Austin Butler is Having All the Fun in 'Dune Part Two'


This article, as you might imagine, contains major spoilers for Dune: Part Two.

The first Dune film was a momentous step in Timothee Chalamet’s career—leading his first big-budget blockbuster—but by plot design, it was a film that played him off a bunch of OGs, each imparting different kinds of wisdom to his ascendant hero Paul Atreides. Dune: Part Two is a different story, with Zendaya now fully front and center, Florence Pugh in the mix, and most crucially, Austin Butler—a vibe shift Timmy clocked early on.

“It started on Zoom, when we did a cast reading,” Chalamet told GQ’s Dan Riley last year.

Was Butler still talking like Elvis?
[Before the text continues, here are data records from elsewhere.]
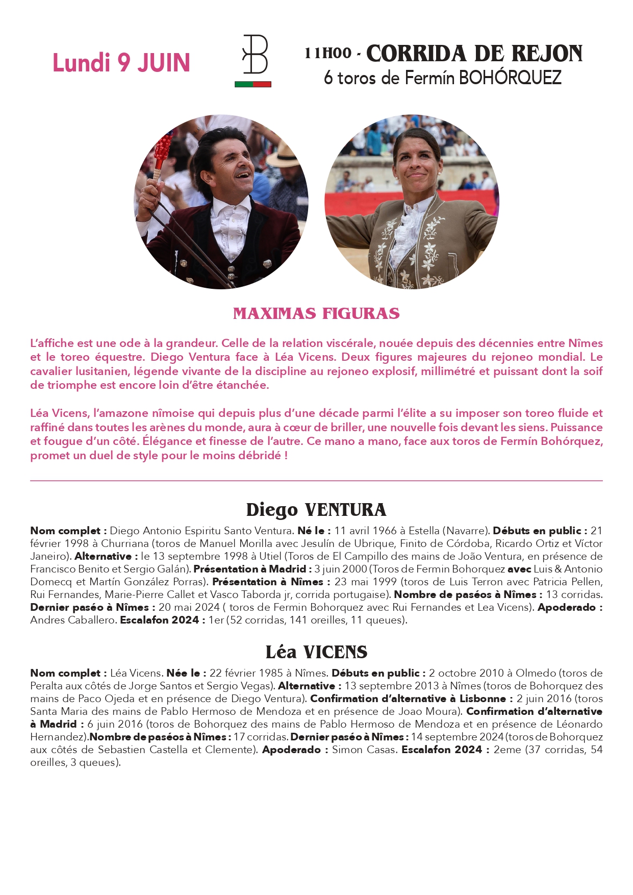 Lundi 9 juin à 11h30 : Toros de Bohorquez pour Diego Ventura et Léa Vicens, mano a mano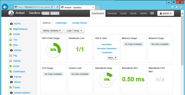You can then log in to the Ambari portal as the admin user. To connect to Ambari you just browse using the IP of the sandbox and specify port 8080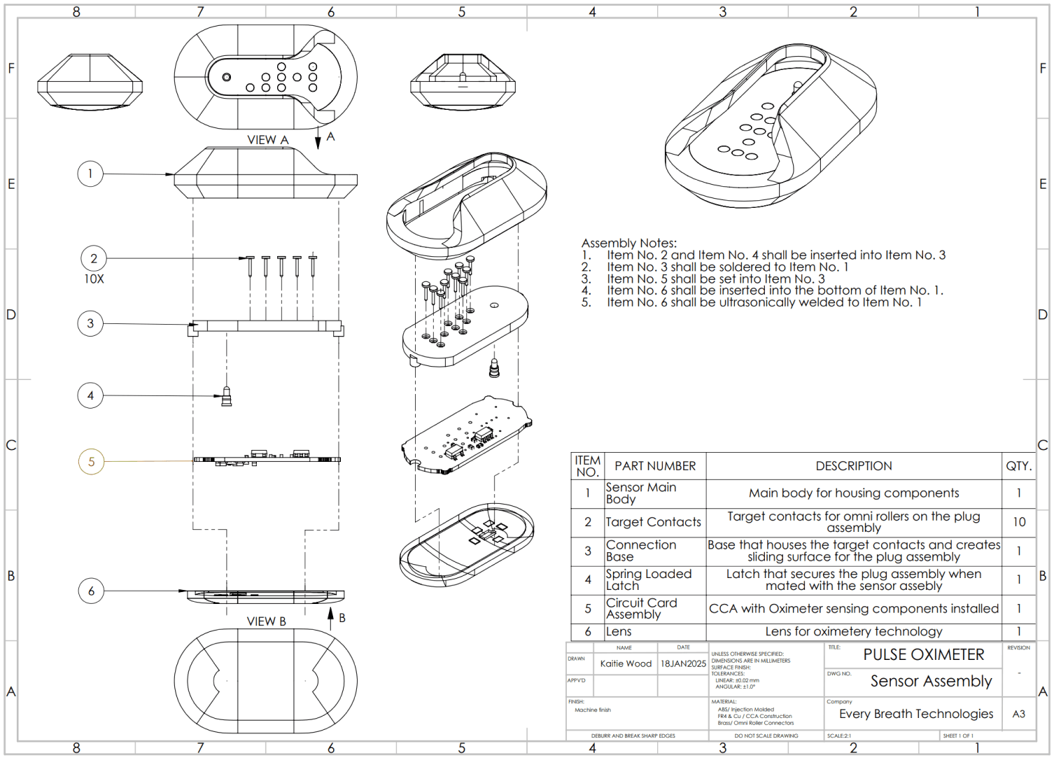 • Sensor Housing: Acrylonitrile Butadiene Styrene (ABS) for toughness and impact resistance.

I asked him. “No, here’s the thing, he was already talking like Stellan Skarsgård.” That is, on day one of the first read-through, Butler had already dialed his way all the way into the character, the heir to Skarsgård’s Baron Harkonnen. “And you could see everyone was, like…”—he laughed a little nervously—“I can’t overstate how inspiring it was to me personally.”

Make no mistake—Dune: Part Two is no less Chalamet’s movie, with a performance that finds him putting levels of Bene Gesserit-approved bass in his voice that I heretofore didn’t know he was capable of. But Austin Butler? He’s having so much fun that with say, 15 minutes more screen time, he could’ve reasonably stolen the show.

He certainly washes Stellan Skarsgard and Dave Bautista—no small feat especially given that the whole first film practically coasts on the dread their imposing figures inspire. Butler plays Feyd-Rautha, the younger brother to Bautista’s Glossu Rabban and youngest nephew to Skarsgard’s Baron Vladimir. The whole Harkonnen family strikes fear in the rest of the empire, but from his first scene Butler immediately rises to the challenge of being this film’s primary antagonist, a more directly-matched opponent to Paul.

We meet Feyd-Rautha in the film’s much-hyped black and white sequence, where he takes part in a gladiator match for recreation—then vehemently insists that the stakes be truly life-or-death. The implication is clear: this is a guy who’s evil for the love of the game, who’s practically horny at the thought of bloodsport. And with his raspy voice and gnarled black teeth, Butler makes his glee feel palpable. When Feyd is promoted to whip Arrakis into shape, Rabban is reduced to a blubbering mess, and the Baron looks at him the way Prop Joe used to look at Marlo when he tried to take him under his wing: This little motherfucker’s good for business, but he might try and kill me.